Pitch and dynamic transformation on human voice with deep neural networks

Presented during the IRCAM Forum @NYU 2022

The Crazy IRcam neural auto-encoderfor voiCE

The Crazy IRcam neural auto-encoder for voiCE (CIRCE) is the first transformation tool of the next generation of neural audio effects developed at the Analysis/Synthesis team at IRCAM. It provides a graphical interface for voice transformations based on a neural auto-encoder. The app allows changing different parameters in recordings of speech and singing voice. Currently pitch and vocal effort are supported in CIRCE, as well as additional experimental features.

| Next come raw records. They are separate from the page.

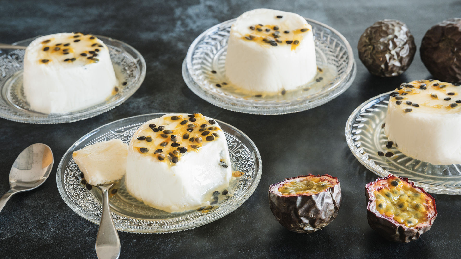 Sirva a mousse de melão com cubinhos de melão e folhas de hortelã.
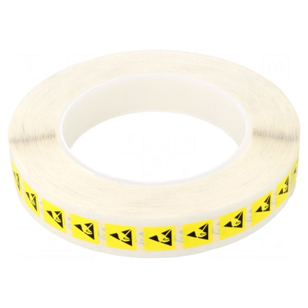 Etykieta samoprzylepna w wersji ESD przeznaczona jest do oznaczania komponentów i urządzeń wymagających ochrony przed wyładowaniami elektrostatycznymi. Produkt posiada wymiary 12x12 mm i występuje w kolorystyce czarno-żółtej.
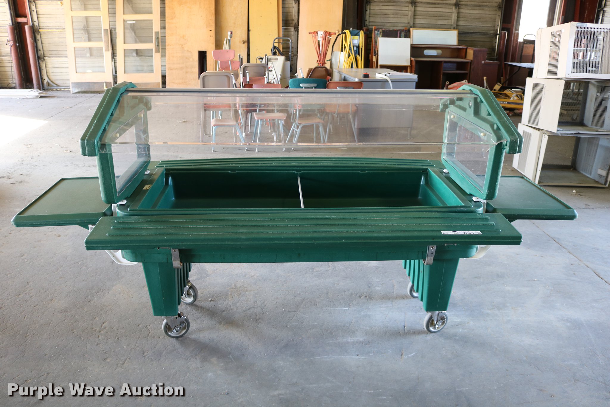 Purple Wave is selling a used Restaurant Equip. in Kansas. This item is a Cambro food bar with the following: 94.5'L overall, 63.5"L x 41"W x 45"H, 26"H tray slide, Ice drain, Caster wheels, Wheel locks
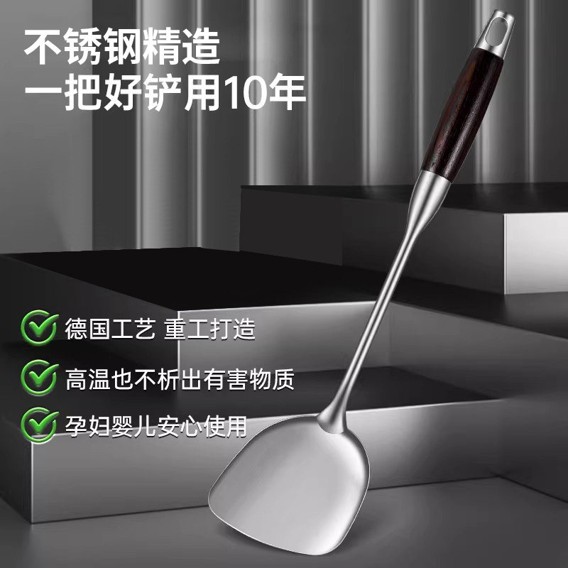 德国锅铲家用铲子炒菜不锈钢煎铲加厚汤勺漏勺厨具炒勺套装铁锅铲
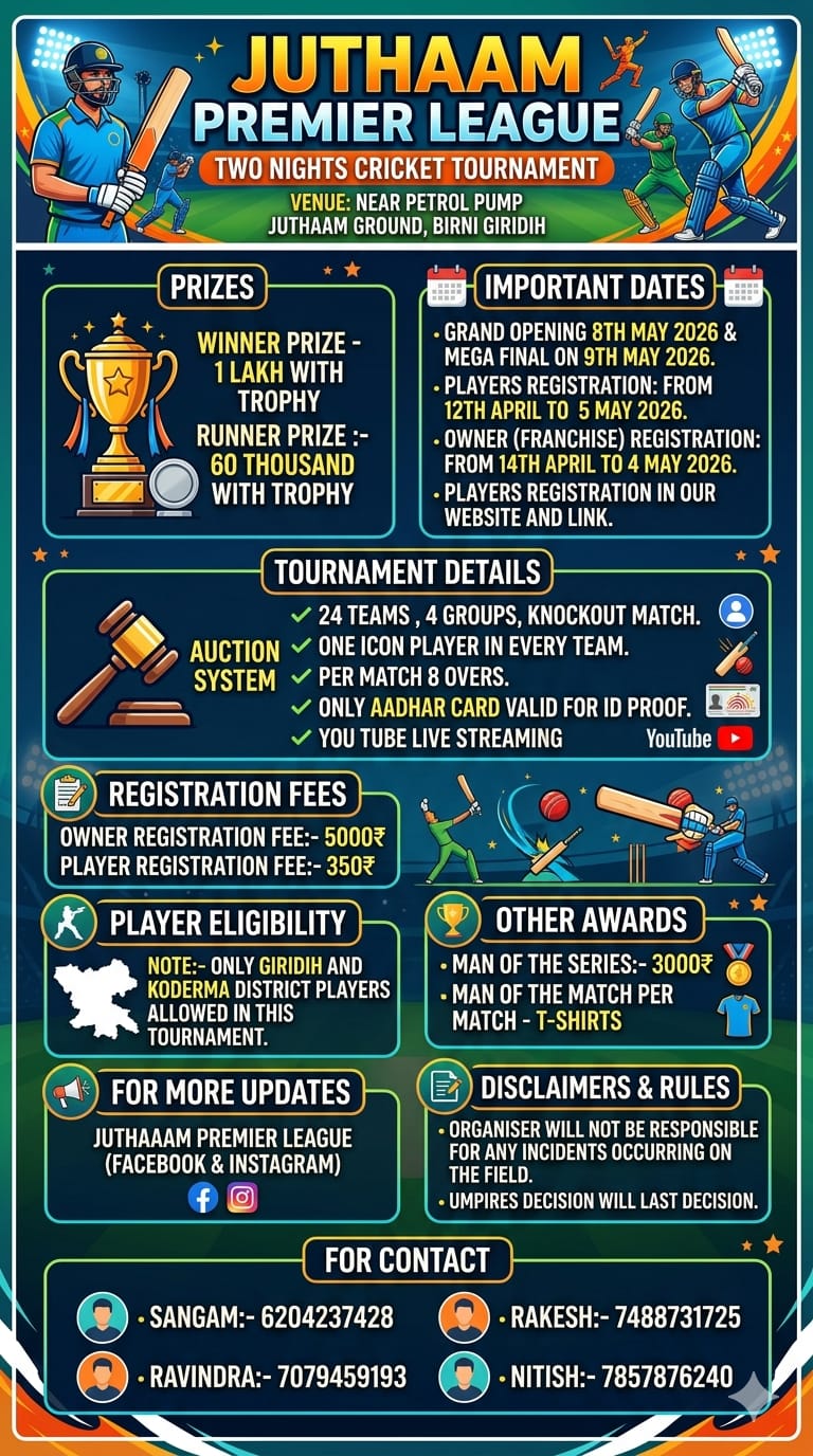 JUTHAAAM PREMIER LEAGUE came in its existance in 2024 with an aim to take cricket on its top.In modern life sports has been part of the life style for every age category. Format like JPL has been emerged as an money earning platform withentertainment in bulk.
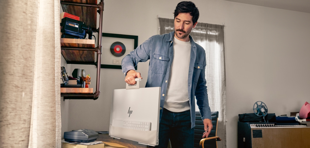 Компьютер, у которого есть ручка, ножки и карман. Представлен моноблок HP Envy Move 23.8 inch All-in-One PC
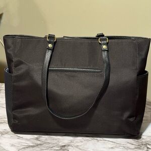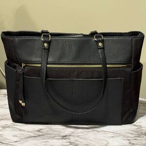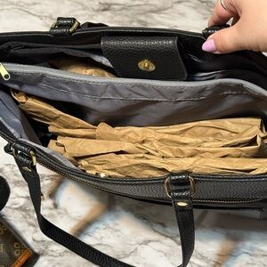 This elegant black faux leather tote bag is perfect for any occasion. Its sleek design and spacious interior make it a must-have accessory.
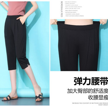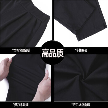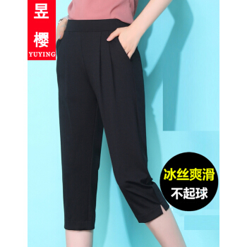 昱樱冰丝休闲裤女夏季新款学生哈伦裤宽松薄款显瘦直筒中裤胖MM裤子黑色大码女装七分萝卜裤女潮 黑色(9966开叉) 此码勿拍.请拍自身对应码数 |
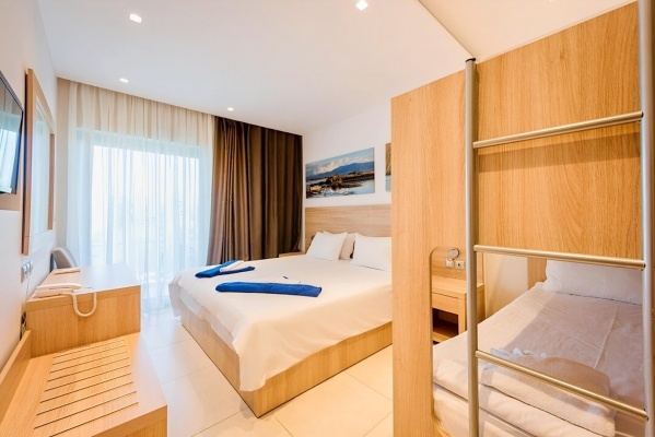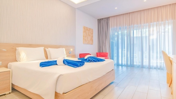 - 3 medence (az egyik csúszdákkal), napágyak és napernyők ingyenesen, törölközők térítés ellenébe
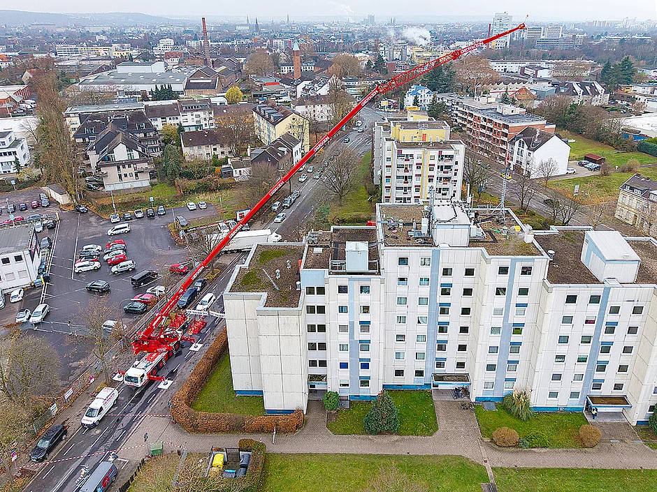 GERKEN Krane und der hauseigene Baustellen-Absperr-Service realisieren gemeinsam ein Mobilfunkprojekt in Bonn: Der zum aktuellen Zeitpunkt größte GERKEN-Kran – der GGK 100 – hebt aus 60 Metern Entfernung einen Antennenmast auf ein 21,60 Meter hohes Wohngebäude. Auf dem Dach wird die Antenne von Fachkräften installiert. Einheitliche Koordination sichert hier eine effiziente Abwicklung.
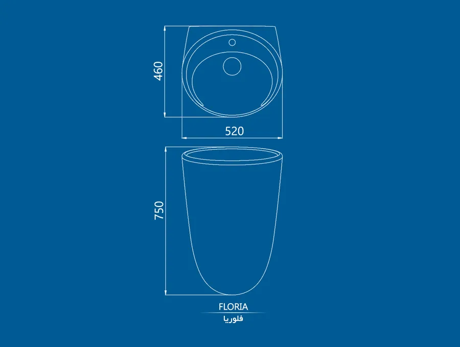 مشخصات روشویی وال هنگ چینی کرد مدل فلوریا

The transformations work with the new neural vocoding model which allows applying effects on the mel-spectrogram. A neural auto-encoder is trained to disentangle the pitch and the vocal effort from the mel-spectrogram of speech and singing voice. This way we obtain a representation of human voice that is independent of pitch and vocal effort and we can resynthesise the voice signal with almost arbitrary changes to the original material. As a result, the model automatically adapts the voice characteristics to the given parameters.

In this presentation we will give a brief introduction to the mechanism of neural vocoding that is the technology behind this application. In the second part we provide install instructions, a demonstration of the features of the application as well as a few examples of transformed voice.

The application was developed as part of the PhD thesis of Frederik Bous which was supervised by Axel Roebel. This research was funded by the ANR project ARS (ANR-19-CE38-0001-01).